Exercise
Pictures stay out, but every line of the data is copied exactly.

Data shown

--------

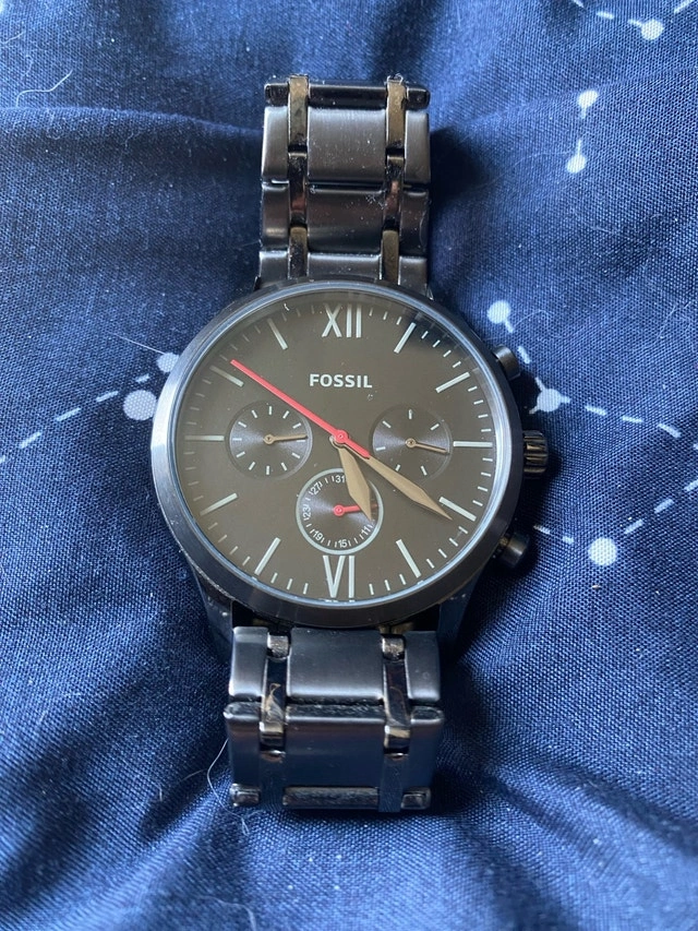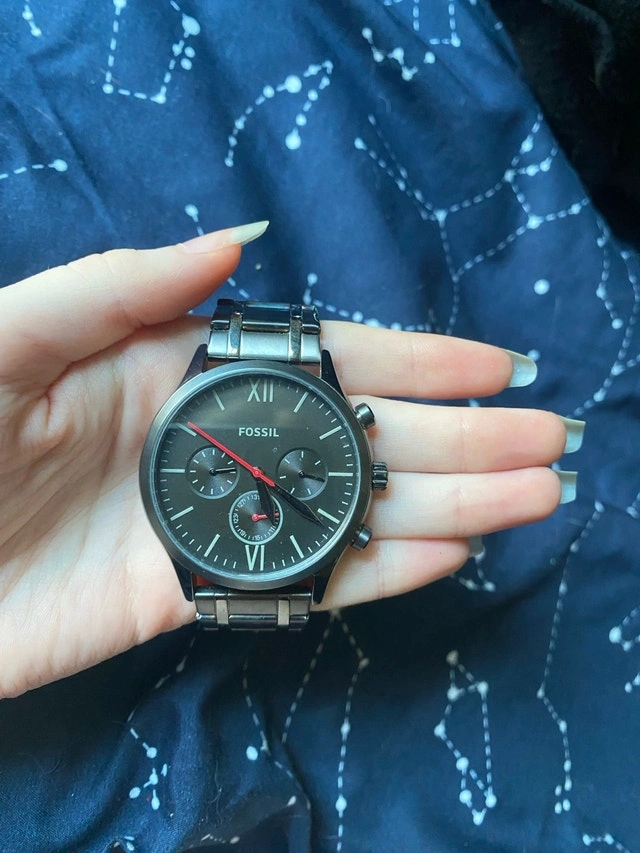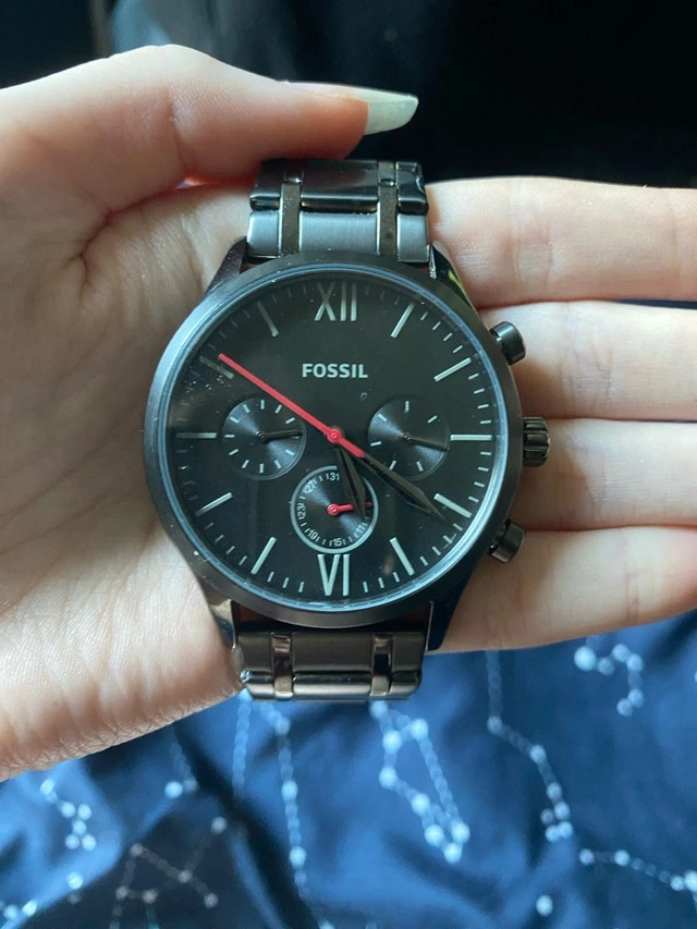 Sleek and stylish Fossil stainless steel watch in great condition. Lightly worn with minimal signs of use. Stainless steel case and band. Face is clean with no scratches. Currently not running – just needs a new battery. Classic black dial with silver-tone markers and red accent second hand, plus subdials. Perfect everyday watch or a great addition to any collection. Simple battery replacement and it’s ready to go! Feel free to message with any questions.
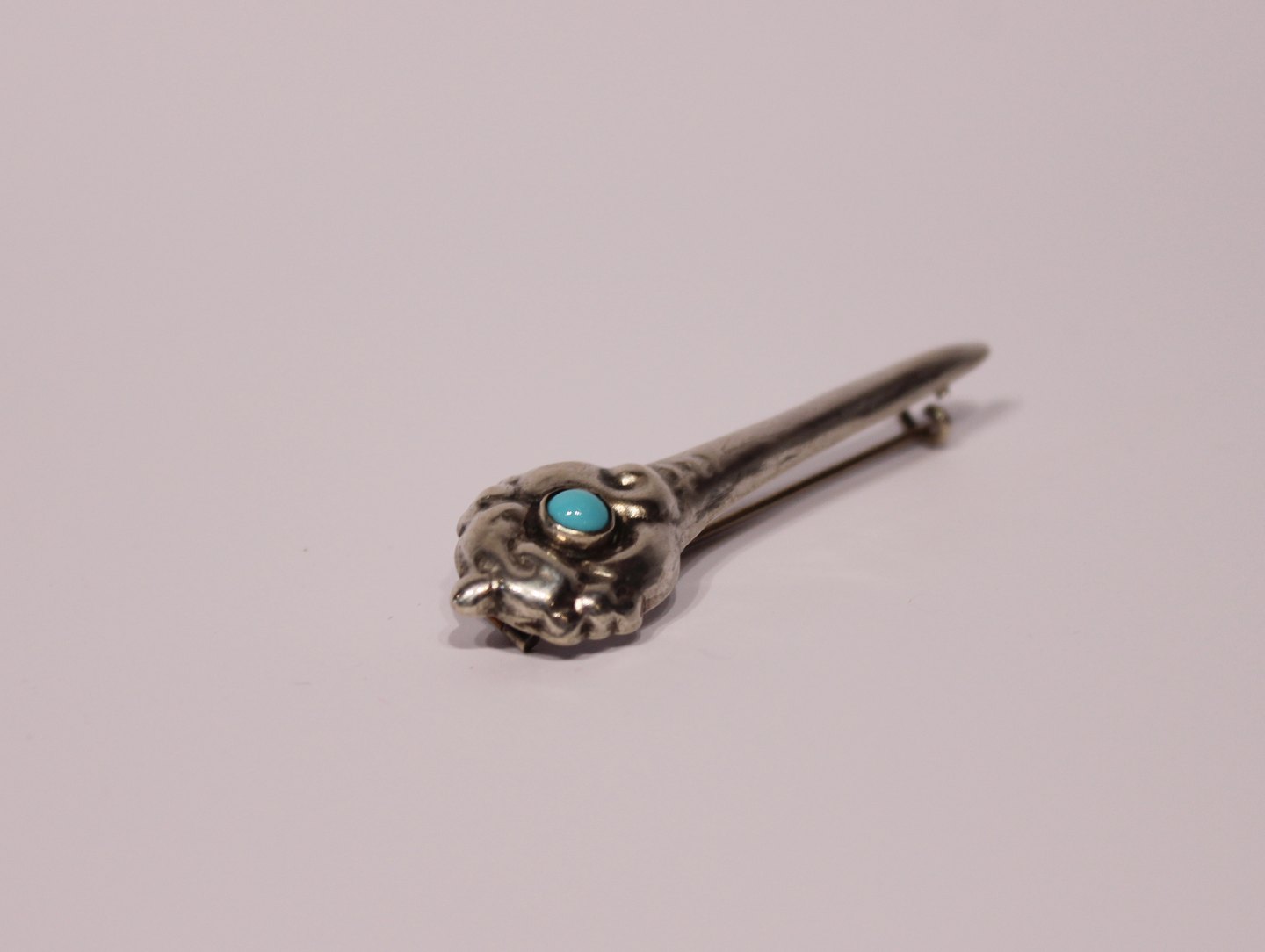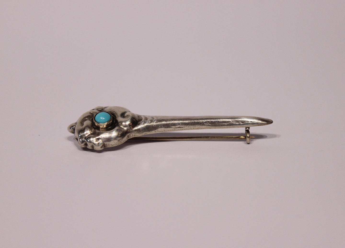 Simpel brooch with small blue stone, in 826 silver, stamped P&P by Petersen & Prahl.
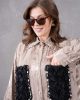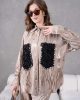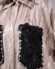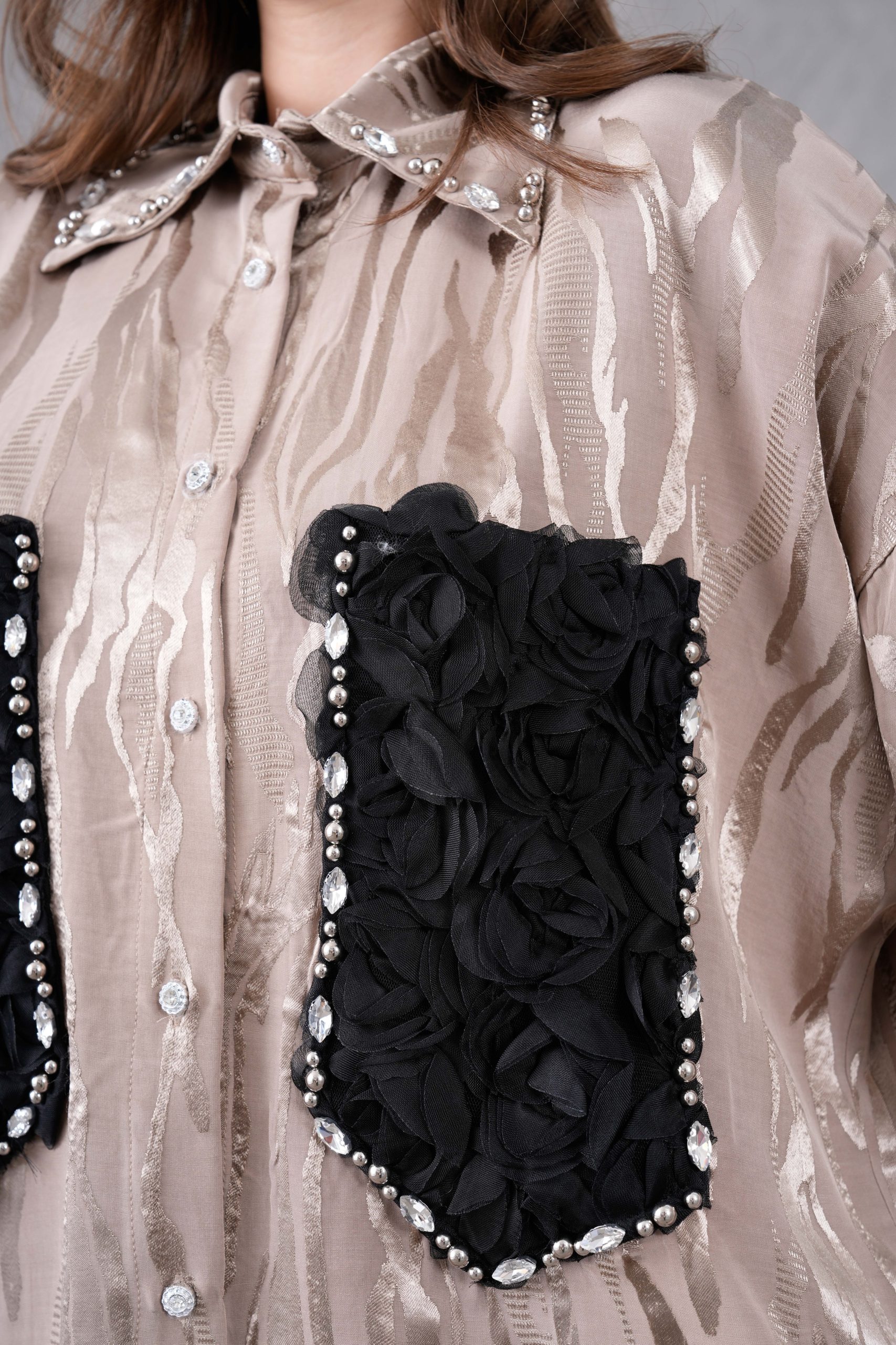 Göz Alıcı Cep Detayları: Gömleğin ön kısmında yer alan siyah renkli 3D (üç boyutlu) gül formundaki cepler, etrafını saran parlak kristal taş işlemelerle muazzam bir kontrast ve lüks bir görünüm yaratır.

--------

Solution for this exercise
 Sleek and stylish Fossil stainless steel watch in great condition. Lightly worn with minimal signs of use. Stainless steel case and band. Face is clean with no scratches. Currently not running – just needs a new battery. Classic black dial with silver-tone markers and red accent second hand, plus subdials. Perfect everyday watch or a great addition to any collection. Simple battery replacement and it’s ready to go! Feel free to message with any questions.
 Simpel brooch with small blue stone, in 826 silver, stamped P&P by Petersen & Prahl.
 Göz Alıcı Cep Detayları: Gömleğin ön kısmında yer alan siyah renkli 3D (üç boyutlu) gül formundaki cepler, etrafını saran parlak kristal taş işlemelerle muazzam bir kontrast ve lüks bir görünüm yaratır.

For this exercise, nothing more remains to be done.